> Input material

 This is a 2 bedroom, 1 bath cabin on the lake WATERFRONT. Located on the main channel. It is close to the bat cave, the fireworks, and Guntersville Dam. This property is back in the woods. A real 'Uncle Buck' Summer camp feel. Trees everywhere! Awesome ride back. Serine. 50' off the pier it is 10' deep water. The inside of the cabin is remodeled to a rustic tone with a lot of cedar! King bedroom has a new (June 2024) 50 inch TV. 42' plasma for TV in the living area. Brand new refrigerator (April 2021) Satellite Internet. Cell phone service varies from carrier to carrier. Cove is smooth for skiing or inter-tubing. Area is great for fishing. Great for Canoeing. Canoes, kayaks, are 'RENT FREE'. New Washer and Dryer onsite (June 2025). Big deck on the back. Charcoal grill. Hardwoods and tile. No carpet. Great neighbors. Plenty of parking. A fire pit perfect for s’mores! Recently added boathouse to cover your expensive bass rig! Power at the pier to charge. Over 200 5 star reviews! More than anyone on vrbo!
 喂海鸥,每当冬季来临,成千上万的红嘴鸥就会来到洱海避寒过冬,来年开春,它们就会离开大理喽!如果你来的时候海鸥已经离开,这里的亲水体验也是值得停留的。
...
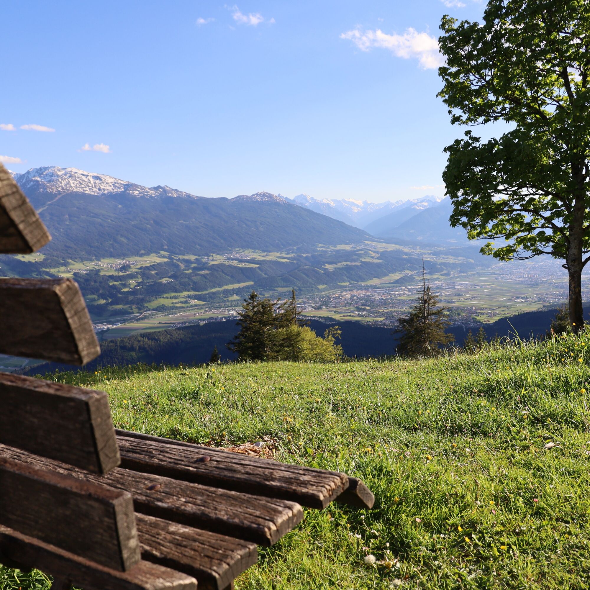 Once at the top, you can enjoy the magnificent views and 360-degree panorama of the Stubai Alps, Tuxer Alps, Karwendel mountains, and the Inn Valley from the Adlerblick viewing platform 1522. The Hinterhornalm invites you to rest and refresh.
--
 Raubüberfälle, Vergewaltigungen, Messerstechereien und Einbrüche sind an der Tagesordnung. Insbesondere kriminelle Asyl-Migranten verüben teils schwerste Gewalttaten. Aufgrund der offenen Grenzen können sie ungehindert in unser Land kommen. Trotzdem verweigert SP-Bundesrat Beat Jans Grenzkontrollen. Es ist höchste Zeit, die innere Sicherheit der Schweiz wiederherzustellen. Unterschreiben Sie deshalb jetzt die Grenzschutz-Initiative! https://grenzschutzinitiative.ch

> Work required
Print exactly the lines above from the one with "This is a 2" to the one with "喂海鸥,每当冬季来临,成千上", including both.

> Written solution
 This is a 2 bedroom, 1 bath cabin on the lake WATERFRONT. Located on the main channel. It is close to the bat cave, the fireworks, and Guntersville Dam. This property is back in the woods. A real 'Uncle Buck' Summer camp feel. Trees everywhere! Awesome ride back. Serine. 50' off the pier it is 10' deep water. The inside of the cabin is remodeled to a rustic tone with a lot of cedar! King bedroom has a new (June 2024) 50 inch TV. 42' plasma for TV in the living area. Brand new refrigerator (April 2021) Satellite Internet. Cell phone service varies from carrier to carrier. Cove is smooth for skiing or inter-tubing. Area is great for fishing. Great for Canoeing. Canoes, kayaks, are 'RENT FREE'. New Washer and Dryer onsite (June 2025). Big deck on the back. Charcoal grill. Hardwoods and tile. No carpet. Great neighbors. Plenty of parking. A fire pit perfect for s’mores! Recently added boathouse to cover your expensive bass rig! Power at the pier to charge. Over 200 5 star reviews! More than anyone on vrbo!
 喂海鸥,每当冬季来临,成千上万的红嘴鸥就会来到洱海避寒过冬,来年开春,它们就会离开大理喽!如果你来的时候海鸥已经离开,这里的亲水体验也是值得停留的。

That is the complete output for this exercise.